The fifth installment was led by Dr. Tao Leigh Goffe, a London-born, New York-based, award-winning Black British writer, theorist, interdisciplinary artist and scholar, who grew up between the UK and New York. Currently, she’s an Associate Professor at CUNY Hunter College, where she teaches classes on literary theory and cultural history. She has previously worked at Cornell University, Leiden University, New York University, and Princeton University.

Goffe’s research and curatorial work is rooted in literature and theories of labor that center Black feminist engagements with Indigeneity and Asian diasporic racial formations. Much of her artistic and sound design practice examines the geological bedrock of colonialism.

Dr. Goffe has been invited to give keynote lectures in her specialities of colonial histories of race, geology, climate and media technologies. Her second book, Black Capital, Chinese Debt (Duke University Press) presents a long history of radicalization, modern finance and indebtedness. It brings together subjects of the Atlantic and Pacific markets from 1806 to the present under European colonialism. Her forthcoming book, Dark Laboratory (Doubleday and Hamish Hamilton/Penguin UK) will discuss how the climate crisis is also a racial crisis.

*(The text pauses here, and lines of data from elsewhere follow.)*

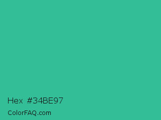 Hex #34be97 Color is a normal green color and the nearest color is Mountain Meadow #30ba8f. Hex code #34be97 and RGB value is rgb(52,190,151). In RGB color space, this color is composed of 20% red, 75% green, 59% blue, In CMYK color space, this color is composed of 73% cyan, 0% magenta, 21% yellow , 25% black , In HSL color space, this color has a hue angle of 163° , 57% saturation and 47% lightness.
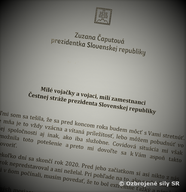 Dňa 18. decembra prezidentka SR zaslala príslušníkom Čestnej stráže prezidenta SR list, v ktorom poďakovala za plnenie úloh v roku 2020 všetkým profesionálnym vojakom, vojačkám a zamestnancom.
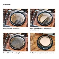 Ce barbecue kamado comprend une technologie unique Ă sa fabrication. Ses matĂ©riaux, sa forme et sa structure permettent de crĂ©er un effet de cheminĂ©e pour Ă©vacuer la fumĂ©e souhaitĂ©e, et la cĂ©ramique offre une excellente isolation. De plus, le systĂšme dâalimentation se fait au pellet ce qui permet un temps de chauffe plus long et la possibilitĂ© dâeffectuer des fumages Ă chaud.
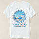 Oia Blue Dome, Santorin à l'intérieur d'un cercle de motifs grecs, un T-shirt blanc pour hommes. Ce design insulaire grec est à votre disposition si vous souhaitez en profiter pendant votre séjour à Santorin. Cette conception présente également une scène vue sur la mer avec des mouettes volantes.

Committed to building intellectual communities beyond institutions, she is the founder of the Dark Laboratory, an engine for the study of race, technology and ecology through digital storytelling formats like virtual reality and augmented reality. She is also the Executive Director of the Afro-Asia Group, an organization that centers the intersections of African and Asian diasporas, futurity and racial coalition towards sovereignty.

Goffe is also an avid home cook, who gives lectures on food histories at museums and has led corporate demos. Her recipes, which also are rooted in her work colonial histories of race, geology, climate, media technologies and music have been published in various collections and cookbooks.

Dr. Goffe’s seminar was a food demonstration that featured a recipe she created that was informed and inspired by the Asian presence in Jamaica. And it was pretty fucking delicious, I must add.